Une nouvelle liste noire au cinéma

Nous voulons voir d’autres « Annie Hall » et d’autres « Chinatown »

Tribune libre

     Entre 1947 et 1960, à l’époque du maccarthysme, des artistes soupçonnés de sympathie à l’endroit du Parti communiste américain furent empêchés de travailler à Hollywood [1]. Malgré la constitution d’une liste noire, certains ont pu heureusement continuer de travailler sous des noms d’emprunt, comme le scénariste Dalton Trumbo. D’autres ont pu le faire après s’être rétractés ou après avoir trahi des amis, comme le cinéaste Elia Kazan. D’autres encore ont pu le faire à l’étranger, comme le cinéaste Joseph Losey.


     Malgré les démentis [2], une nouvelle liste noire informelle a été constituée ces dernières années et vise des artistes soupçonnés de violence sexuelle. Elle est peut-être plus cruelle que celle de Bois-de-Houx [3], car, pour plusieurs artistes visés, c’est la fin des haricots. Je me questionne sur les intentions de certaines dénonciatrices, aux carrières mises entre parenthèses, qui font des révélations des années après les faits.


     Les excellents cinéastes Benoît Jacquot et Jacques Doillon vont-ils pouvoir se relever des accusations lancées à leur encontre [4] ? Même si les deux hommes ont contesté lesdites accusations et sont blanchis, j’en doute. Le mal est fait.


     Il sera pour ainsi dire impossible au grand cinéaste Roman Polanski de réaliser un autre film après « The Palace » (2023), démoli furieusement par la critique [5], même si 114 avocates ont signé une tribune dans Le Monde en 2020 dans laquelle elles assurent que « Polanski a fait l’objet de plusieurs accusations publiques, parmi lesquelles une seule plainte judiciaire qui n’a donné lieu à aucune poursuite : il n’est donc pas coupable… » [6]. Il a été impossible de voir au Québec son avant-dernier film dont on dit qu’il est remarquable, « J’accuse » (2019), faute d’un distributeur assez courageux [7].
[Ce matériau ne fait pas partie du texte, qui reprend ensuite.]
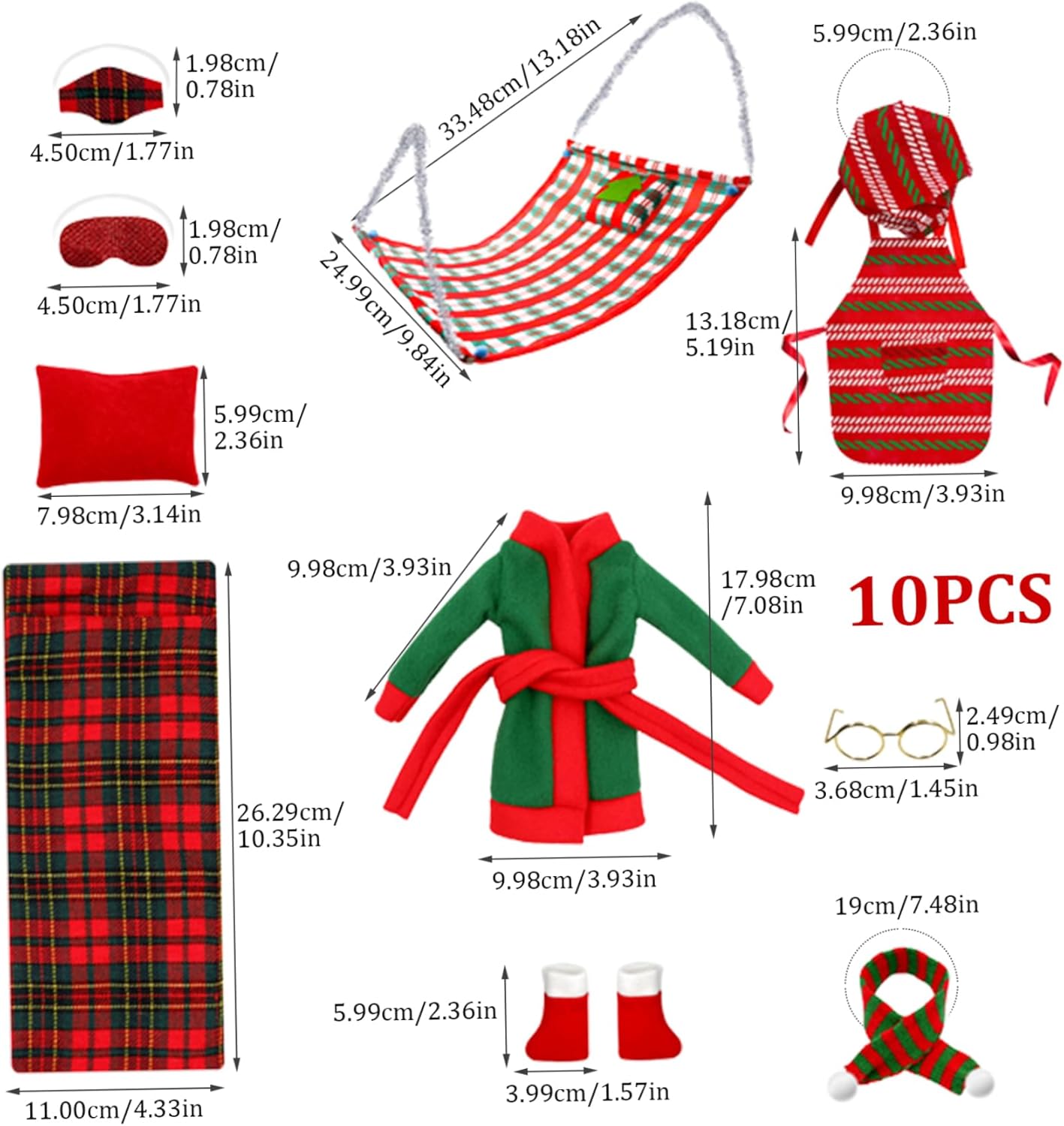 Un fantastico per Natale: i vestiti degli elfi sono fantastici per i bambini durante le festività natalizie..Possono essere utilizzati per giochi di finzione, giochi di ruolo e per soddisfare i desideri di cura delle ragazze..Forniscono divertimento e gioia senza fine, portando in vita lo spirito del Natale. Materiali di qualità: gli accessori Elf sono realizzati con tessuti di qualità e materiali non tessuti, che sono e..Sono resistenti allo strappo e allo sbiadimento, garantendo che possano essere riutilizzati senza perdere i loro colori vivaci. Tema natalizio: questi set di elfi natalizi sono progettati con vari elementi natalizi, come rosso e verde, plaid, calzini natalizi, ecc. Sono molto adatti per aggiungere un'atmosfera festosa e creare una gioiosa atmosfera natalizia. Decorazione multifunzionale: il kit degli elfi di Natale è perfetto per la decorazione delle bambole, l'artigianato natalizio e la creazione di esposizioni fantasiose a casa..Posizionali sul tuo albero, mantello o tavolo per creare una magica atmosfera vacanziera. Un set completo per gli elfi: Il kit degli elfi natalizi contiene tutto il necessario per creare scene accattivanti..All'interno troverai un mini sacco a pelo, un accappatoio, occhiali, sciarpa, calzini, amaca, ecc., tutti pensati per rendere realistica la tua bambola da elfo.

     Un autre grand cinéaste paie cher cette chasse aux « sorciers », j’ai nommé Woody Allen [8]. S’il ne pouvait pas compter sur des producteurs originaires de pays latins, sa carrière serait terminée. Depuis « Wonder Wheel » (2017), tous ses films ont été déficitaires, « censurés » qu’ils furent dans les pays anglo-saxons, rapides sur la gâchette woke. Ses jours de cinéaste sont comptés.


     Dimanche soir, j’ai vu à la télé un épisode de l’émission « L’autre midi à la table d’à côté », avec Micheline Lanctôt et Julie Le Breton. Celle-ci confie qu’elle ne voit plus les films de Woody Allen comme avant ; elle réprouve aujourd’hui les amours du protagoniste quarantenaire avec une fille de 17 ans dans « Manhattan » (1979). Mme Lanctôt n’en revient pas ; elle dit qu’Allen a été innocenté. Elle fait en outre comprendre à son interlocutrice que l’œuvre d’art et la vie de son créateur doivent être dissociées. Bravo Mme Lanctôt ! Pourquoi « Manhattan » perdrait-il sa cote « 1 » (chef-d’œuvre) à Mediafilm [9] à cause des frasques de son auteur ?


     Qu’on fasse payer les coupables dans le monde du cinéma (comme Harvey Weinstein) et les artistes qui se « suicident » en public (comme le répugnant Gérard Depardieu l’a fait en Corée du Nord [10]), je veux bien, mais pourquoi s’en prendre à des innocents, jusqu’à preuve du contraire, qui ne demandent qu’à réaliser d’autres chefs-d’œuvre ? Nous voulons voir d’autres « Annie Hall » [11] et d’autres « Chinatown » [12].